After a major compaction runs there will be a single storefile per store, and this will help performance usually. Caution: major compactions rewrite all of the stores data and on a loaded system, this may not be tenable; major compactions will usually have to be done manually on large systems. See Section 2.8.2.8, “Managed Compactions”.
Bloom filters were developed over in HBase-1200 Add bloomfilters.[22][23]
See also Section 10.5.4, “Bloom Filters” and Section 2.9, “Bloom Filter Configuration”.
Bloom filters add an entry to the StoreFile
general FileInfo
data structure and then two
extra entries to the StoreFile
metadata
section.
FileInfo
has a
BLOOM_FILTER_TYPE
entry which is set to
NONE
, ROW
or
ROWCOL.
BLOOM_FILTER_META
holds Bloom Size, Hash
Function used, etc. Its small in size and is cached on
StoreFile.Reader
load
BLOOM_FILTER_DATA
is the actual bloomfilter
data. Obtained on-demand. Stored in the LRU cache, if it is enabled
(Its enabled by default).
[22] For description of the development process -- why static blooms rather than dynamic -- and for an overview of the unique properties that pertain to blooms in HBase, as well as possible future directions, see the Development Process section of the document BloomFilters in HBase attached to HBase-1200.
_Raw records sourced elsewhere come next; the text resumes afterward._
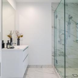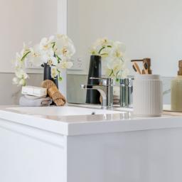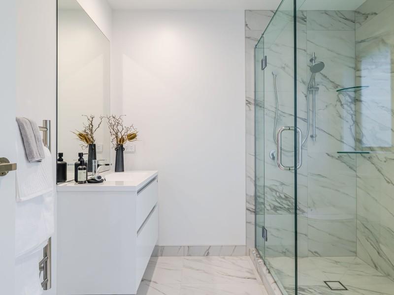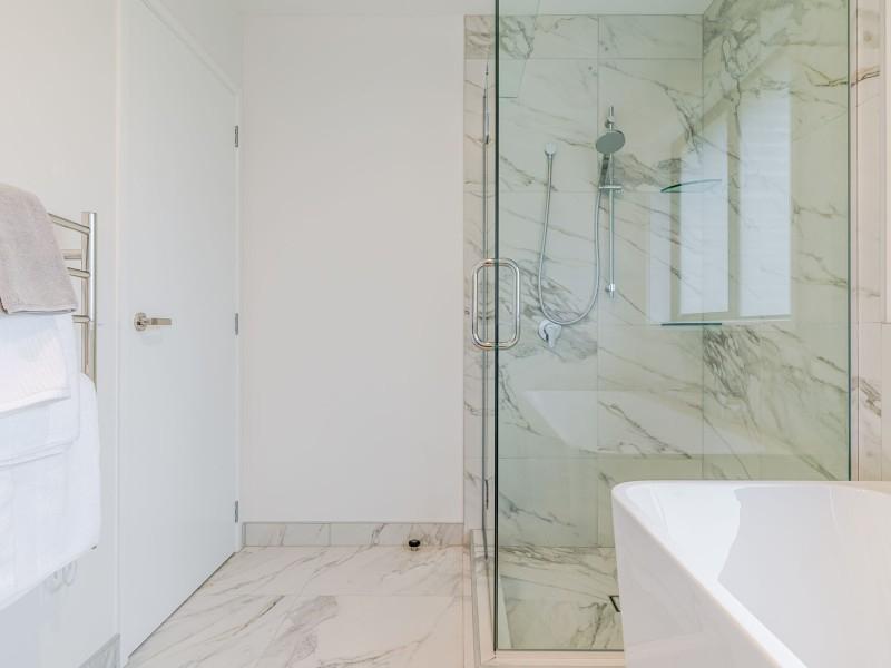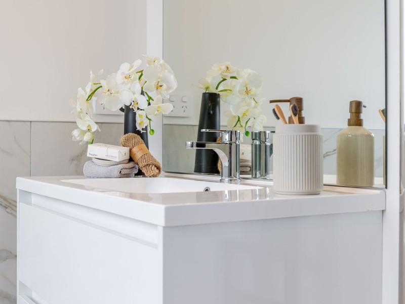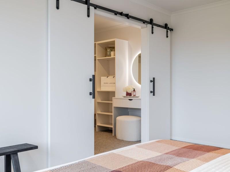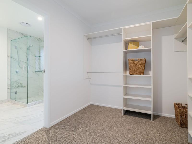Both tiled bathrooms have a touch of luxury and the master wardrobe is set up with its own make-up nook, adding a sense of style.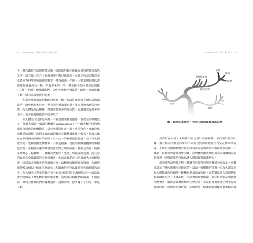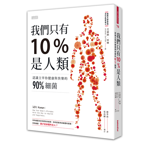 近來流行一個說法,也就是這本書的書名所指稱的,「我們不過只有10%是人類」。這裡的百分之十是針對我們全身上下裡外所有細胞數量而言,因為我們無論是在皮膚上還是毛髮、腺體或腸道,都住了許許多多看不見的微生物,它們的細胞數估計有我們人體細胞的近十倍之多!
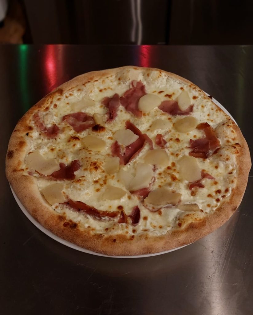 Base Tomate, Mozzarelle Française, Jambon Sec Artisanal, Meule Dent du Chat, Poivre Noir, Huile au Piment d’Espelette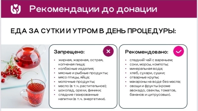 Медики напоминают, что стать донором может любой здоровый человек старше 18 лет и весом не менее 50 кг. За сутки перед донацией рекомендуют придерживаться специальной диеты, а после процедуры уделить внимание восстановлению организма.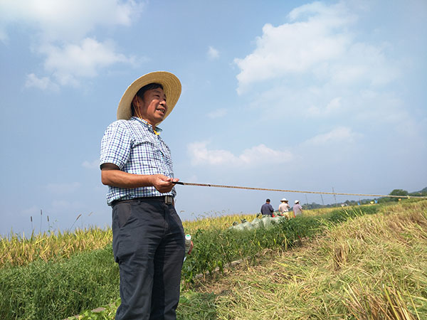 接下來是實測收割田塊面積,“那里沒扯到頭啊,放到邊上”,“怎么沒拉直啊,斜了斜了,擺直些”,“中間皮尺被稻樁撐起來了,把它弄下去,拉直了”。整個測量過程中驗收組專家們一直非常嚴謹,頂著下午的烈日,站在田埂里三個小時,直到完成田間收割工作。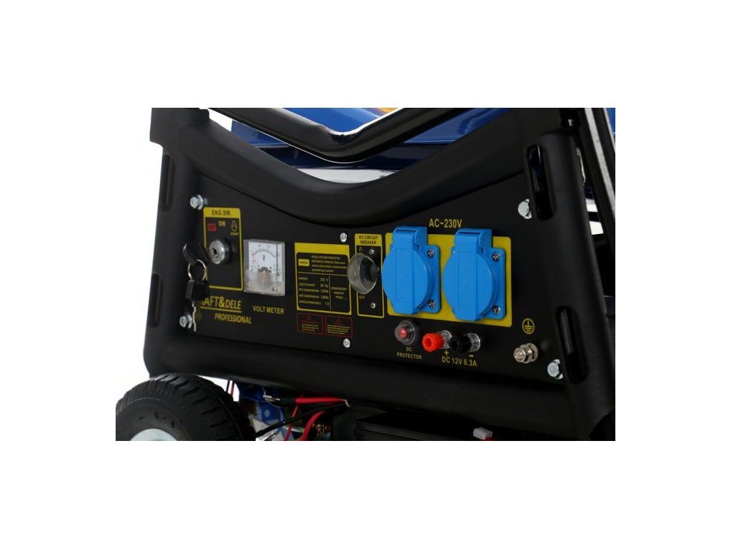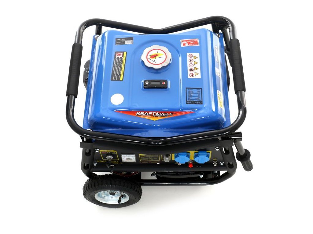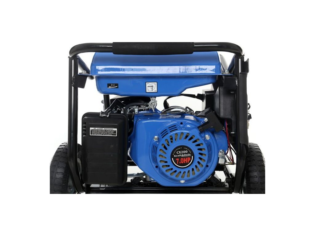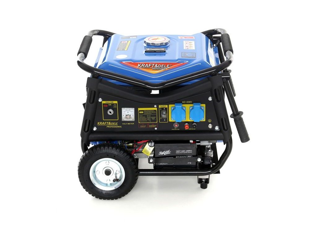Přenosný jednofázový generátor elektřiny označený jako KD144 značky Kraft&Dele je určen k výrobě střídavého proudu 220V-230V pomocí spalovacího motoru japonské konstrukce OHV 4-taktního s výkonem 7 HP a maximálním výkonem alternátoru 3000W.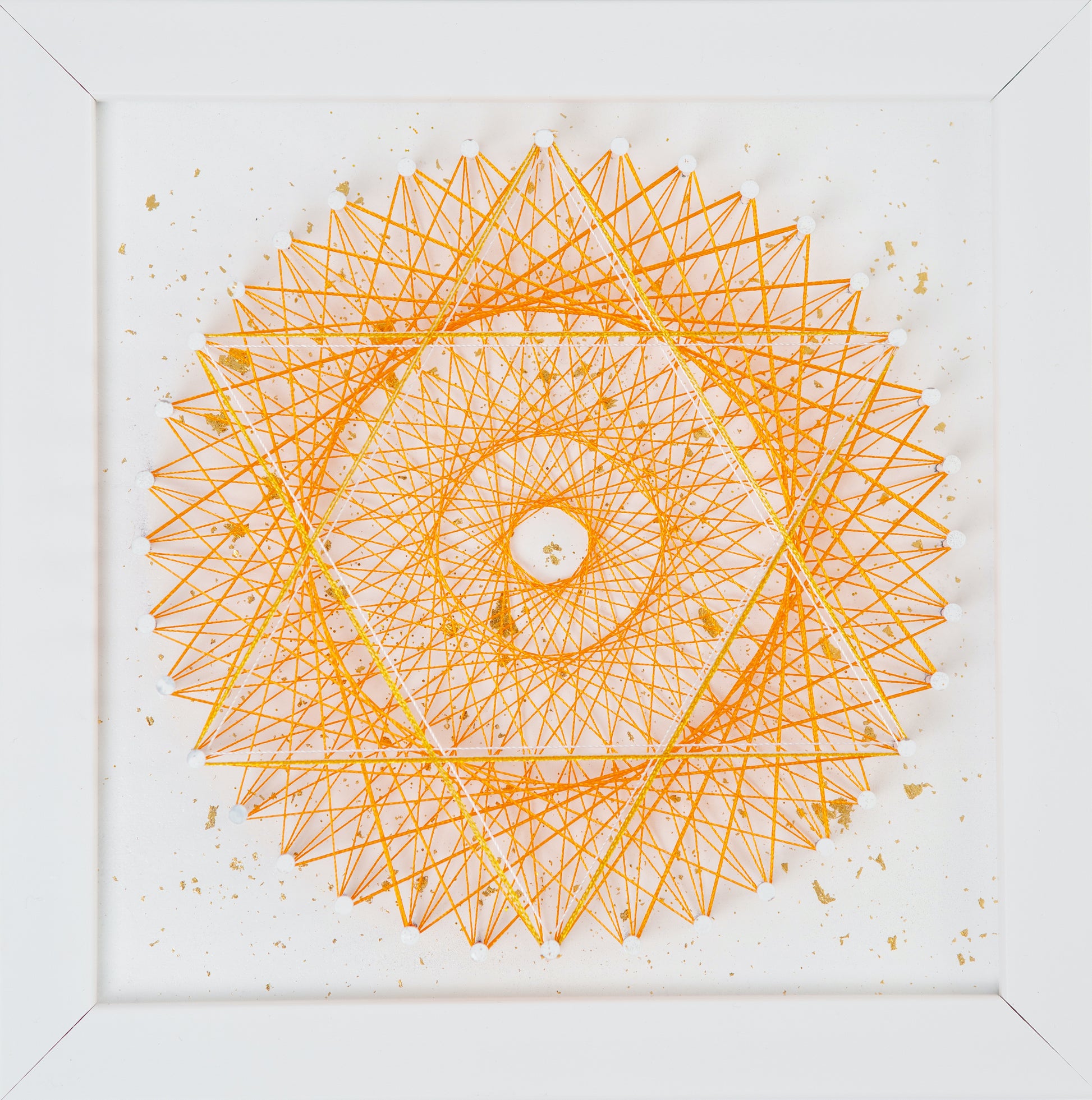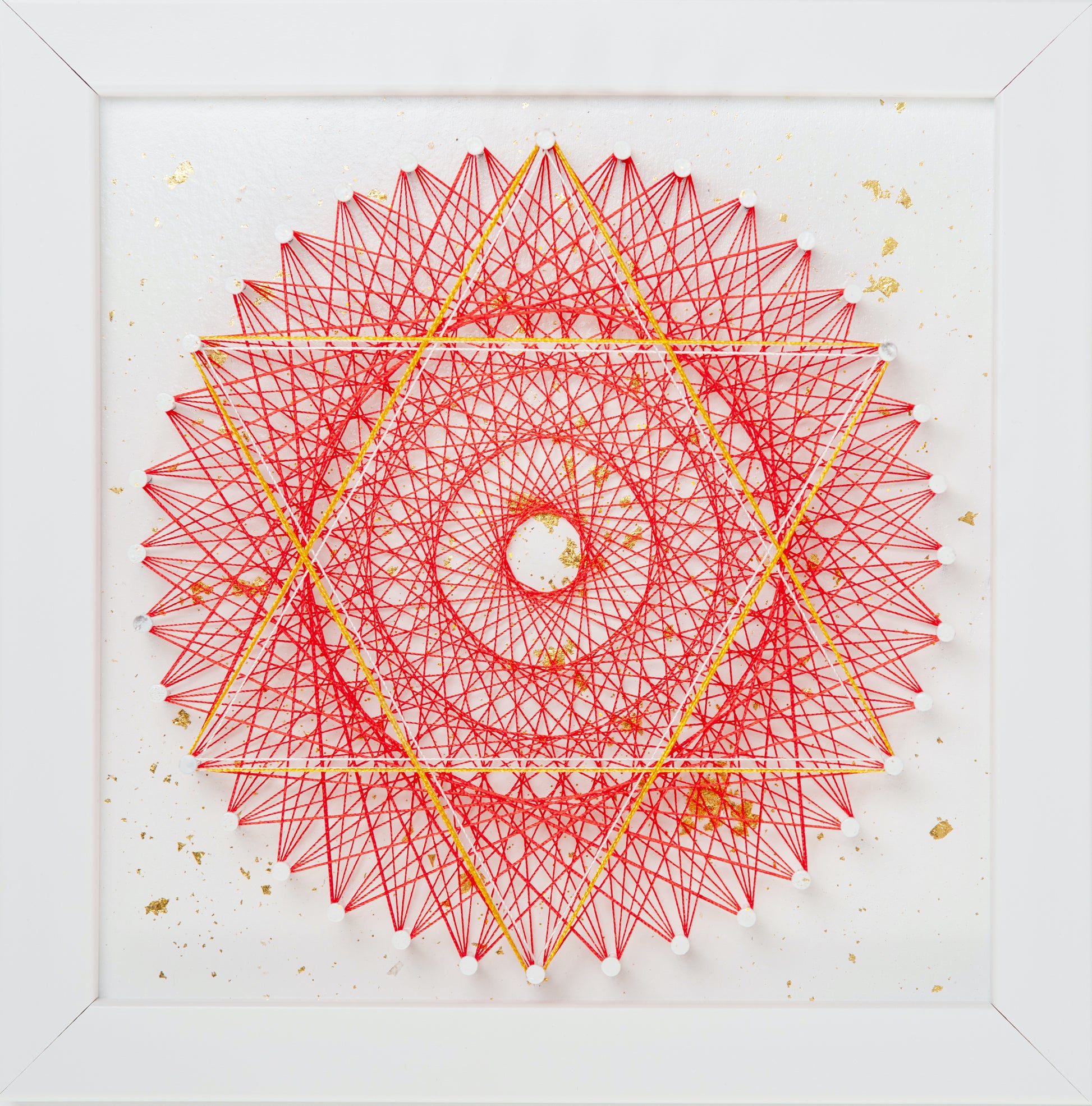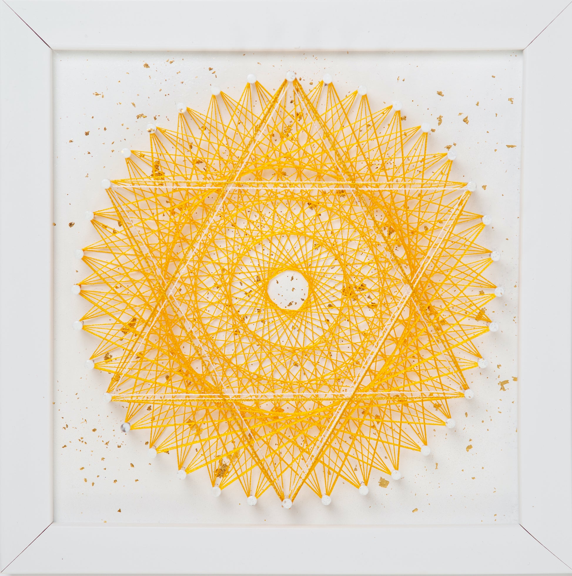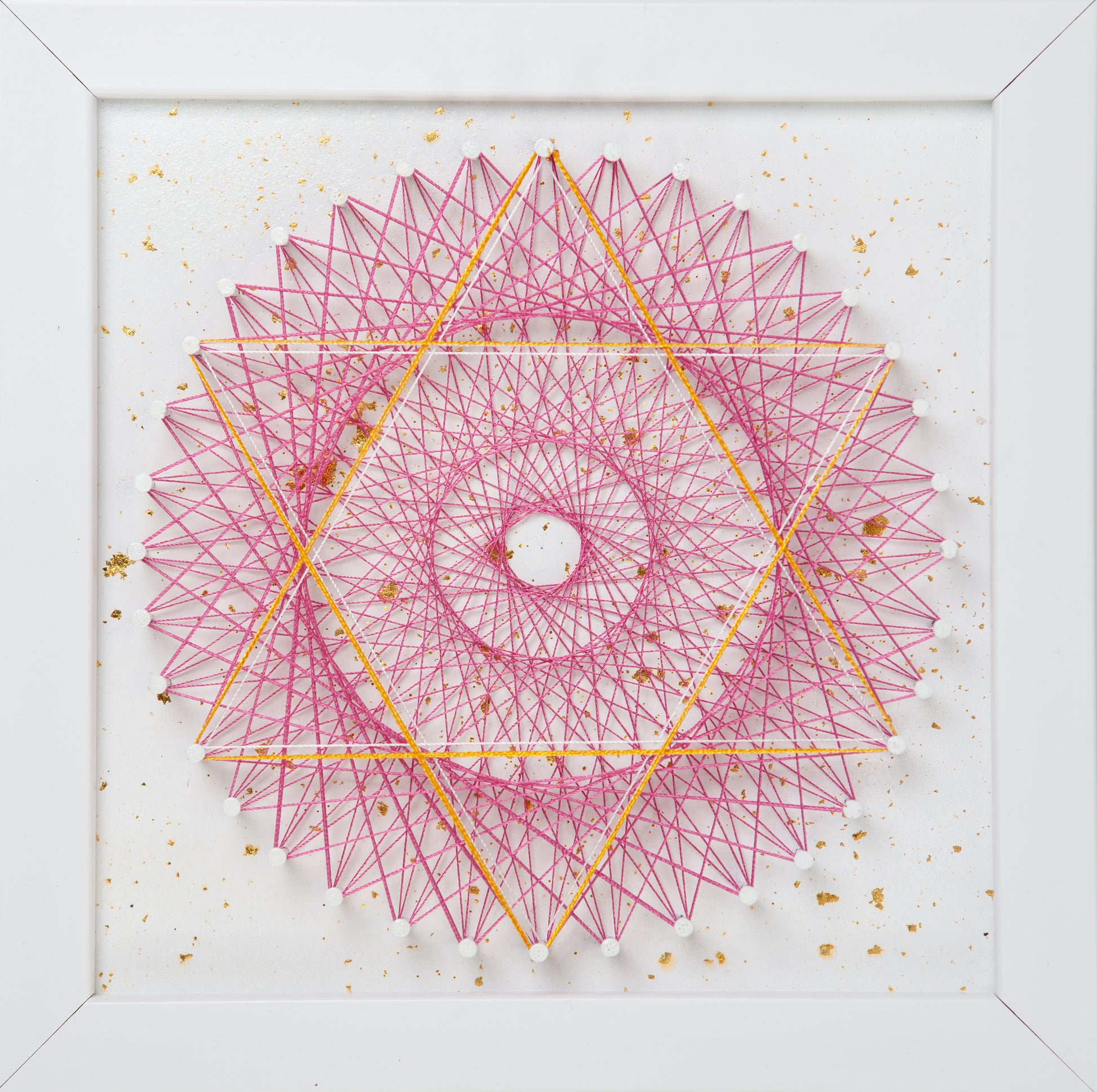 * Matériaux : clous, bois, fil de polyester résistant et brillant, feuille colorée - or, peinture graffiti, paillettes dorées, cadre en plastique blanc

[23] The bloom filters described here are actually version two of blooms in HBase. In versions up to 0.19.x, HBase had a dynamic bloom option based on work done by the European Commission One-Lab Project 034819. The core of the HBase bloom work was later pulled up into Hadoop to implement org.apache.hadoop.io.BloomMapFile. Version 1 of HBase blooms never worked that well. Version 2 is a rewrite from scratch though again it starts with the one-lab work.